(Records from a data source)
◆ ◆ ◆ ◆ ◆ ◆ ◆

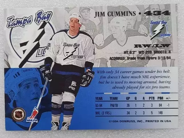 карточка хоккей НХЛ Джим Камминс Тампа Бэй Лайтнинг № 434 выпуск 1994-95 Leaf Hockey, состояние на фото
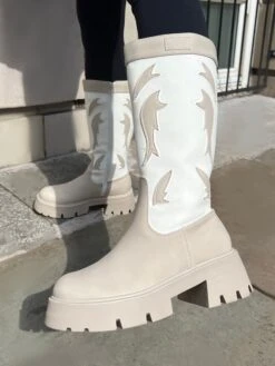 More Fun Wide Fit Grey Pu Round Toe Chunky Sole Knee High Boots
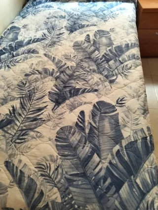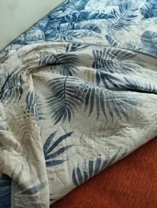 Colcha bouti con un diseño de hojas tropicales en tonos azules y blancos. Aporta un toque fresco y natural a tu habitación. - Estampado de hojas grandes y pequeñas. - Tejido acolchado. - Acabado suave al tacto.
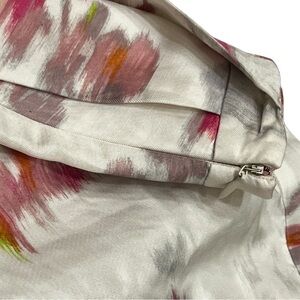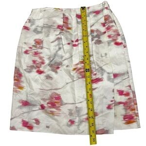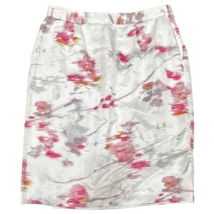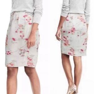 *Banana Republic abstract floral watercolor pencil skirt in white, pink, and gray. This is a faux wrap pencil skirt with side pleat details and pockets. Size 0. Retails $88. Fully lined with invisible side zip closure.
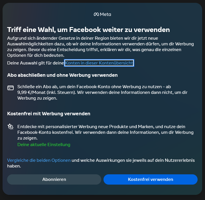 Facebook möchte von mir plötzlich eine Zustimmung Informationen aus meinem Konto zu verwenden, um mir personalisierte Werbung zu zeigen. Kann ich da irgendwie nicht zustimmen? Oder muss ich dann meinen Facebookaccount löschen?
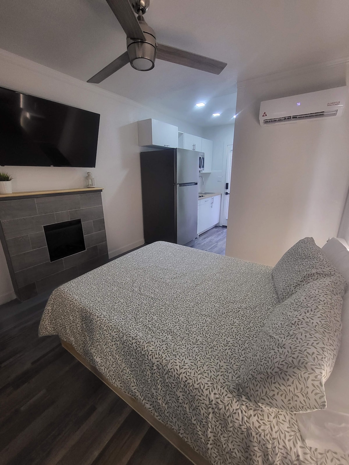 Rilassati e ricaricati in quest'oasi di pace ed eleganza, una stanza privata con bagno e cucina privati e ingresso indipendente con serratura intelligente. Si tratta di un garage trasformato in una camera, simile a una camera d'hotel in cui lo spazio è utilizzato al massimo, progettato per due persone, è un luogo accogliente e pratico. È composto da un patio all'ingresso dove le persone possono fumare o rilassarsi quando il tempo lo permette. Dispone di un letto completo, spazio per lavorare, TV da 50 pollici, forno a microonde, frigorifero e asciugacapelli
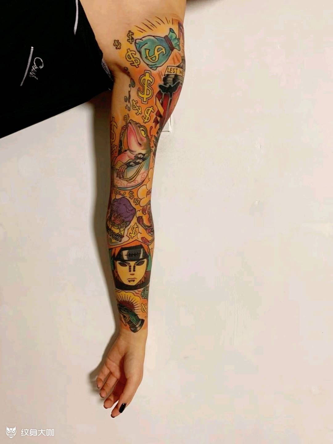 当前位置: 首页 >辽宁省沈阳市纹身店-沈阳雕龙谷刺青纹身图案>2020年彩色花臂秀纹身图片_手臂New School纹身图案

◆ ◆ ◆ ◆ ◆ ◆ ◆

**Your assignment:** In your copy of the entries above, keep the text exact and leave out the pictures.

**Result for this exercise:**
 карточка хоккей НХЛ Джим Камминс Тампа Бэй Лайтнинг № 434 выпуск 1994-95 Leaf Hockey, состояние на фото
 More Fun Wide Fit Grey Pu Round Toe Chunky Sole Knee High Boots
 Colcha bouti con un diseño de hojas tropicales en tonos azules y blancos. Aporta un toque fresco y natural a tu habitación. - Estampado de hojas grandes y pequeñas. - Tejido acolchado. - Acabado suave al tacto.
 *Banana Republic abstract floral watercolor pencil skirt in white, pink, and gray. This is a faux wrap pencil skirt with side pleat details and pockets. Size 0. Retails $88. Fully lined with invisible side zip closure.
 Facebook möchte von mir plötzlich eine Zustimmung Informationen aus meinem Konto zu verwenden, um mir personalisierte Werbung zu zeigen. Kann ich da irgendwie nicht zustimmen? Oder muss ich dann meinen Facebookaccount löschen?
 Rilassati e ricaricati in quest'oasi di pace ed eleganza, una stanza privata con bagno e cucina privati e ingresso indipendente con serratura intelligente. Si tratta di un garage trasformato in una camera, simile a una camera d'hotel in cui lo spazio è utilizzato al massimo, progettato per due persone, è un luogo accogliente e pratico. È composto da un patio all'ingresso dove le persone possono fumare o rilassarsi quando il tempo lo permette. Dispone di un letto completo, spazio per lavorare, TV da 50 pollici, forno a microonde, frigorifero e asciugacapelli
 当前位置: 首页 >辽宁省沈阳市纹身店-沈阳雕龙谷刺青纹身图案>2020年彩色花臂秀纹身图片_手臂New School纹身图案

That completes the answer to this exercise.